Last June, when Synopsys unveiled its latest-generation DesignWare EV6x vision processor core, the company also introduced an 880-MAC, 12-bit convolutional neural network (CNN) companion processor, the CNN880. Although the CNN880 is optional for Synopsys customers using the EV6x, it's been a key factor (often the lead factor, in fact) in greater than 90% of EV6x customer engagements, according to Product Marketing Manager Gordon Cooper. And although a year ago, an 880-MAC architecture was at the high end of customers' compute requirements range, Cooper claims that it now undershoots many applications’ needs. As a result, and also likely in response to competitors' recent product introductions, Synopsys is preparing to release 1,760- and 3,530-MAC members of its CNN engine family (Figure 1).

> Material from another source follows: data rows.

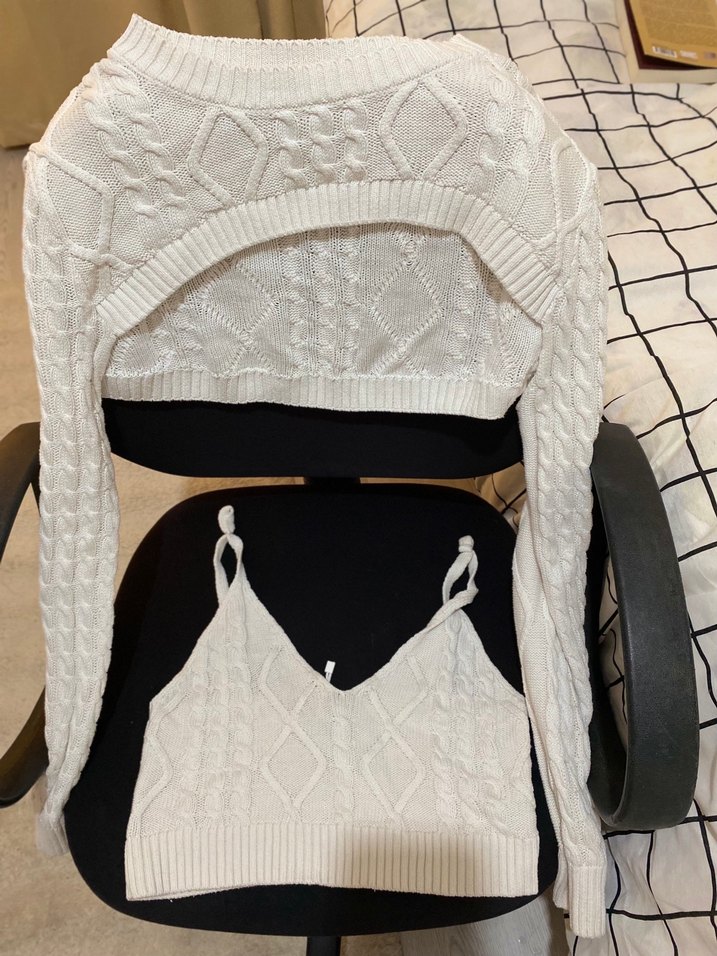 Beyaz örgü kadın kazak, straplez kesim, uzun kollu ve baskılı desenli, günlük rahat kullanım için uygundur. ✨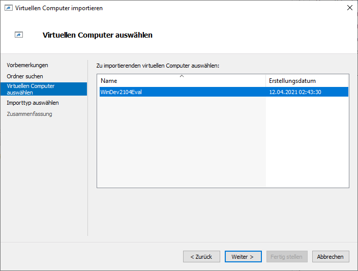 In der folgenden Übersicht wird euch nun der zu importierende virtuelle Computer angezeigt. Hier sollte nur ein Eintrag in der Liste vorhanden sein, welchen wir auswählen und wieder mit Weiterbestätigen.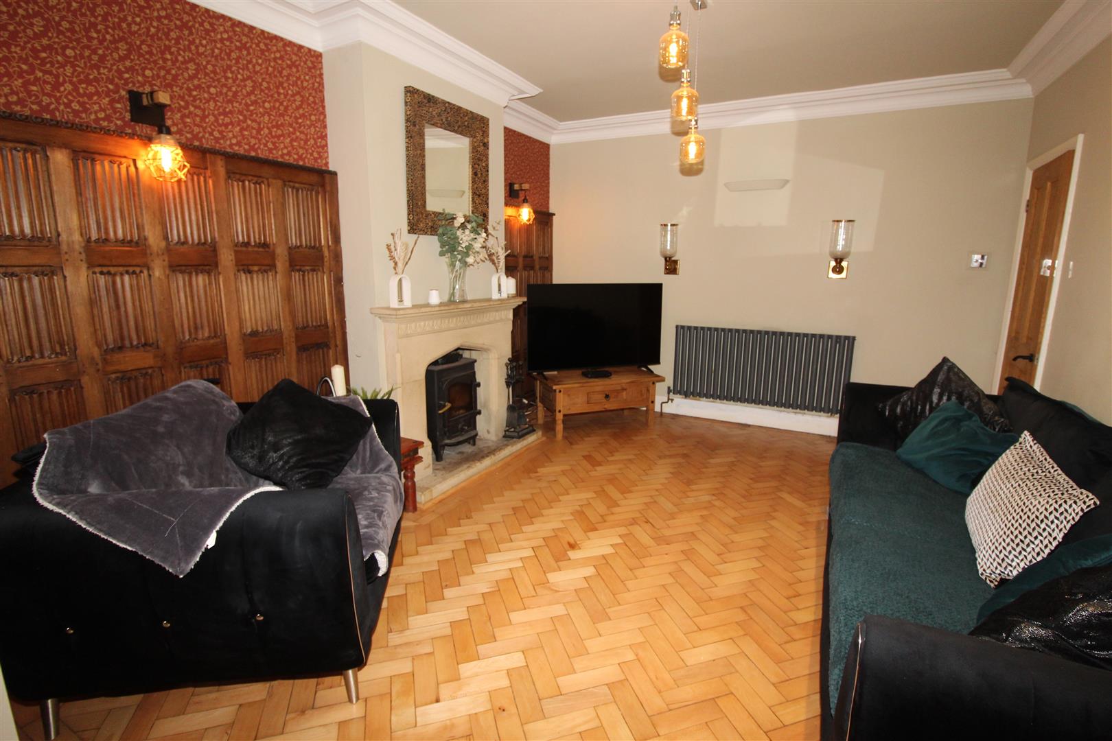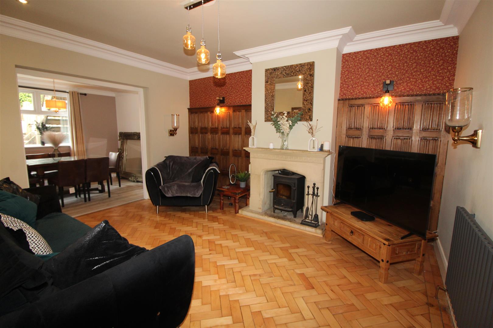 Coved and painted finish to ceiling, painted and papered finish to walls, ornamental log burner set in fireplace, adjacent wood panelling to walls, wooden flooring, radiator, opening to dining room.

Figure 1. Although the high-level block diagram of Synopsys' DesignWare EV6x vision processing core remains seemingly unchanged from last year's unveiling (top), the CNN engine has expanded into a three-variant family offering up to 3,530 12-bit MACs per second (bottom).
In a recent briefing, Cooper stressed that CNN engine remains an optional add-on, not a requirement. While a radar-only ADAS implementation, for example, might greatly value the DesignWare EV6x's vector DSP capabilities, it won't necessarily need deep learning acceleration; the same might be the case in an augmented reality design. However, CNN support is a key requirement for the bulk of the vision processing design opportunities Cooper foresees, often in combination with classic computer vision functions (Figure 2). And this year, he claims, the CNN1760 variant will be the mainstream option chosen by his customers, with last year's CNN880 relegated to entry-level implementations and the CNN3520 taking over the high-end mantle.
Figure 2. Classic computer vision techniques and deep learning are often combined in applications. The DesignWare EV6x's vector DSP and CNN processing capabilities support both approaches.
While competitor Cadence has chosen to implement 8x8 MACs in its Vision C5 CNN core, Synopsys for now is staying with 12x12 MACs. Cooper acknowledges that recent academic studies have shown good results with smaller data types, but he believes that the bulk of his customers aren't yet ready to make the leap of faith below 12-bit precision. And, Cooper says, Synopsys analysis suggests that a migration from 12-bit to 8-bit won't deliver even close to the same silicon area reduction as the previously claimed 50% shrink enjoyed based on moving 16-bit to 12-bit.
Like Cadence’s offering, and unlike CEVA’s, Synopsys' CNN engine natively processes all neural network layers; the CNN880, for example, includes 16 MACs tailored for fully connected layers with the remaining 864 intended for convolutional layers (CEVA's XM-6 acts as a neural network accelerator, directly handling convolutions but leveraging the companion vector DSP for other deep learning operations). Speaking of silicon area, the EV61CNN880 variant shown in Figure 1 consumes less than 1 mm2 on a 16 nm FinFET process, according to Cooper. All three CNN engine variants run at up to 1.28 GHz on that same fabrication foundation.
Synopsys has spent the last year not only expanding its core product line, but also enhancing the associated development tools. The company offers architecture-tailored versions of common OpenCV open-source computer vision library functions, along with an OpenVX framework. Cooper believes that Synopsys’ support of OpenCL C is unique. And Synopsys' CNN graph mapping tool offers ever-expanding support (now including AlexNet, GoogLeNet and SqueezeNet, along with customer-customized graphs), and will be extended beyond Caffe to also support the TensorFlow framework in October (Figure 3). Finally, Cooper points to the companion encryption cores included in Synopsys' IP product line, noting that an increasing number of customers require design security for their deep learning model coefficients and other parameters.
Figure 3. Synopsys' graph mapping tool quantizes floating-point model sources into graphs compatible with the CNN engine's 12-bit MAC resources.
The CNN1760 and CNN3530 members of Synopsys' neural network processor IP family will be available for licensing beginning next month. The company's CNN graph mapping tool support is scheduled to expand beyond Caffe to also cover the TensorFlow framework beginning in October. For more information on Synopsys' CNN engine architecture and companion development tool suite, please see the company's two recent presentations at May's Embedded Vision Summit, "Designing Scalable Embedded Vision SoCs from Day 1" and "Moving CNNs from Academic Theory to Embedded Reality".